Deploying an Angular App on EC2

Deploy an Angular App in Production with Nginx & Ubuntu on EC2

This purpose of this tutorial is to show you how to configure Nginx to serve an Angular app on AWS EC2. This tutorial assumes the following:

  • You already have an Amazon Web Services account (if not you can make one here) and have basic knowledge of security groups
  • You already have a purchased a domain name and have associated it with a publicly accessible IP address
  • You have an existing Angular Project hosted on a code repository (Github, GitLab, BitBucket, etc.) and have some basic knowledge of Angular

Summary of technologies used

  • Ubuntu 16.04 LTS
  • Nginx 1.10.3
  • AWS EC2
  • Angular 6.1.3

Step overview

  • Step 1 – Open an EC2 instance
  • Step 2 – Install packages and dependencies
  • Step 3 – Configure Nginx
  • Step 4 – Deployment

Step 1 – Open an EC2 instance

Log into your AWS account, navigate to the EC2 Dashboard, and select “Launch Instance”. From the list of AMIs select Ubuntu Server 16.04 LTS (HVM).

While setting up the instance, you will be brought to a page where you select the instance type. Select t2.micro (free tier eligible). Once selected, click “Review and Launch” at the bottom of the page. On the next page click “Launch” on the bottom of the page as well.

Once launched it will take a few minutes for AWS to boot up your very own EC2 instance. Store your generated key pair in a safe place on your local computer. (Here’s documentation from AWS on how to handle your key pair)

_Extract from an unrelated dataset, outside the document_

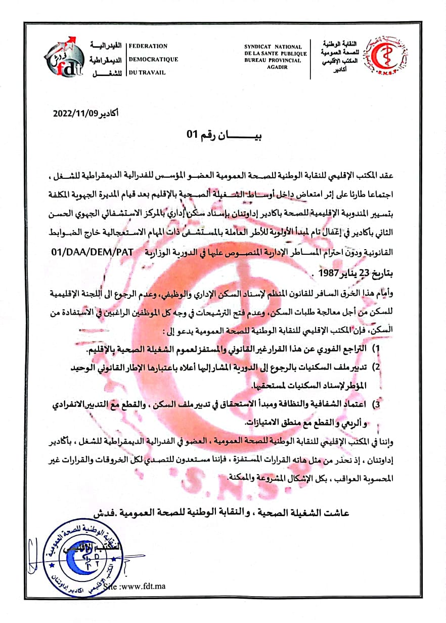 عقد المكتب الإقليمي للنقابة الوطنية للصحة العمومية العضو المؤسس للفدرالية الديمقراطية للشغل ، اجتماعا طارئا على إثر امتعاض داخل أوساط الشغيلة الصحية بالإقليم بعد قيام المديرة الجهوية المكلفة بتسيير المندوبية الإقليمية للصحة باكادير إداوتنان بإسناد سكن إداري بالمركز الاستشفائي الجهوي الحسن الثاني بأكادير في إغفال تام لمبدأ الأولوية للأطر العاملة بالمستشفى ذات المهام الاستعجالية خارج الضوابط القانونية ودون احترام المساطر الإدارية المنصوص عليها في الدورية الوزارية 01/DAA/DEM/PAT بتاريخ 23 يناير 1987.

Note: You may have to adjust the security group on your EC2 instance so that your website is publicly available. There’s plenty of resources and stack overflow questions solving this potential issue.


Step 2 – Install packages and dependencies

Time to ssh into your Ubuntu server with:

ssh -i ~/path-to-your-key-pair ubuntu@ec2-your-public-ip.compute-1.amazonaws.com

Once you have successfully logged into your public server it’s time to install some packages. Execute these commands from within your Ubuntu machine:

# update Ubuntu's local package index 
$ sudo apt-get update 

# install git 
$ sudo apt-get install -y git 

# install Nginx 
$ sudo apt-get install -y nginx 

# clear out the local repository of retrieved package files 
$ sudo apt-get -s clean 

Step 3 – Configure Nginx

If you are new to Nginx I highly recommend reading the following to understand what these next steps actually do.

Common Pitfalls using Nginx

Nginx Quick Start

Nginx Configuration

Navigate the sites-available directory.

$ cd /etc/nginx/sites-available

and use your preferred editor (I use vim) to create a new file. In this case we’re storing our nginx configuration as example.com.

$ sudo vim example.com

Enter the following in your new file:

server {     
    listen 80;      
    listen [::]:80;            
    root /var/www/your-angular-app-name/dist;   
    server_tokens off;   
    index index.html index.htm;     
 
    location / {         
        # First attempt to server request as file, then         
        # as directory, then fall back to displaying a 404.          
        try_files $uri $uri/ /index.html =404;      
    } 
}

***The line root /var/www/your-angular-app-name/dist will tell Nginx where the index.html file is for your compiled Angular app.

Save your new file and symlink it to the sites-enabled folder.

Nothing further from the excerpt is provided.